- Opening Delimiter -

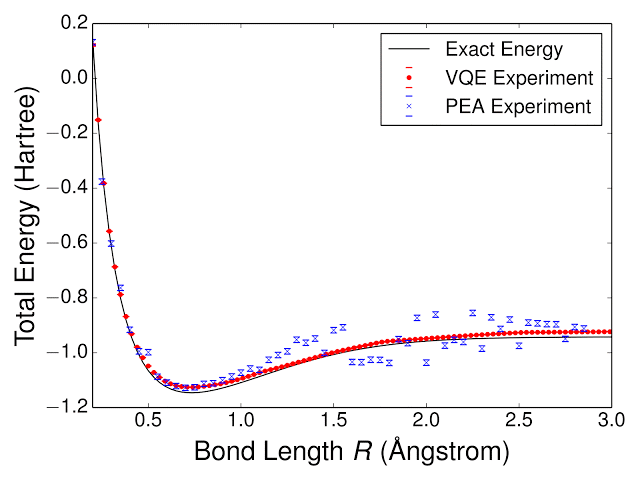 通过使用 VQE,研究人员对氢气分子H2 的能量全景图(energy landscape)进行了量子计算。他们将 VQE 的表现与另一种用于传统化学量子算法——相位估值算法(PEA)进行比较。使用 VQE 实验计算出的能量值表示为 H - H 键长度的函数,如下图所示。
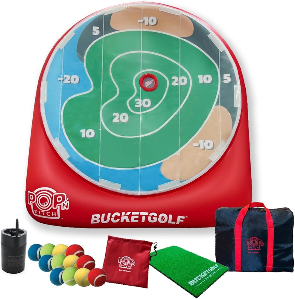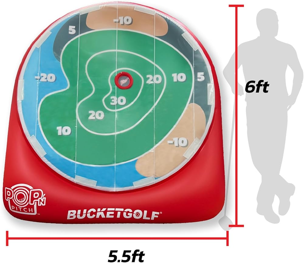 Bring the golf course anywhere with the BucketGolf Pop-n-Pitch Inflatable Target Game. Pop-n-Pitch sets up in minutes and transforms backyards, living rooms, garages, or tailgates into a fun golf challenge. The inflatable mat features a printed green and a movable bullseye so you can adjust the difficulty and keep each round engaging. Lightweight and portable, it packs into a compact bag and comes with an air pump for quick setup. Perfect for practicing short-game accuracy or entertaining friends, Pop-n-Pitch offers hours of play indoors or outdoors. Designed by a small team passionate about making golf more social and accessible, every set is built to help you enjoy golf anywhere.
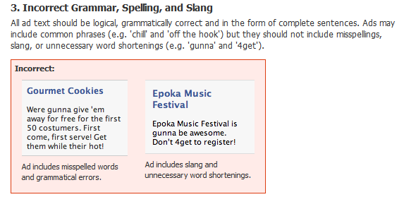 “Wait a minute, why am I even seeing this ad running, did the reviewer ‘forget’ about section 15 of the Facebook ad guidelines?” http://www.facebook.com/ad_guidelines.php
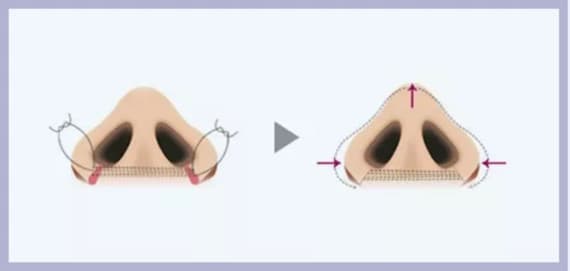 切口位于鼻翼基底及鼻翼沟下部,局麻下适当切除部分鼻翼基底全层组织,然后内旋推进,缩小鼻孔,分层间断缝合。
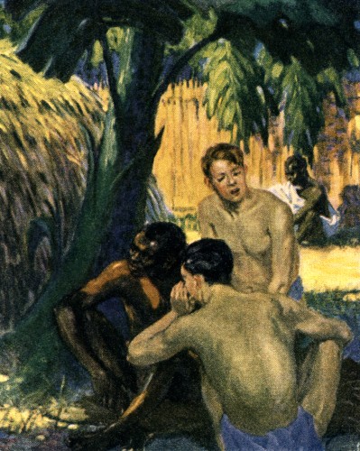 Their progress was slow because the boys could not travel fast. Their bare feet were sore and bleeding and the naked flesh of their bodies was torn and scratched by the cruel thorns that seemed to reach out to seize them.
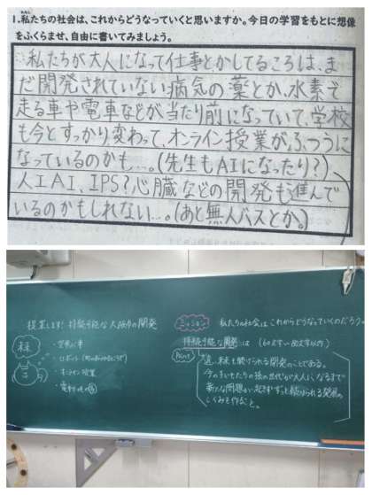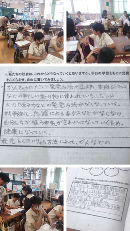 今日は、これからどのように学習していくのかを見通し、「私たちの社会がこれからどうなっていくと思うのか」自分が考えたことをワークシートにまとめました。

- Closing Delimiter -
- Opening Delimiter -

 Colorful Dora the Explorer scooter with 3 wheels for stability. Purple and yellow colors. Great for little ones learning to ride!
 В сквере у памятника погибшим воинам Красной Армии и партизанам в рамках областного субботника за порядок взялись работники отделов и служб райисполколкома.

- Closing Delimiter -

What is needed: Copy word for word the lines above, starting at the line containing "Their progress was" and ending at the line containing "今日は、これからどのように学", inclusive, with no pictures.

Solved problem:
 Their progress was slow because the boys could not travel fast. Their bare feet were sore and bleeding and the naked flesh of their bodies was torn and scratched by the cruel thorns that seemed to reach out to seize them.
 今日は、これからどのように学習していくのかを見通し、「私たちの社会がこれからどうなっていくと思うのか」自分が考えたことをワークシートにまとめました。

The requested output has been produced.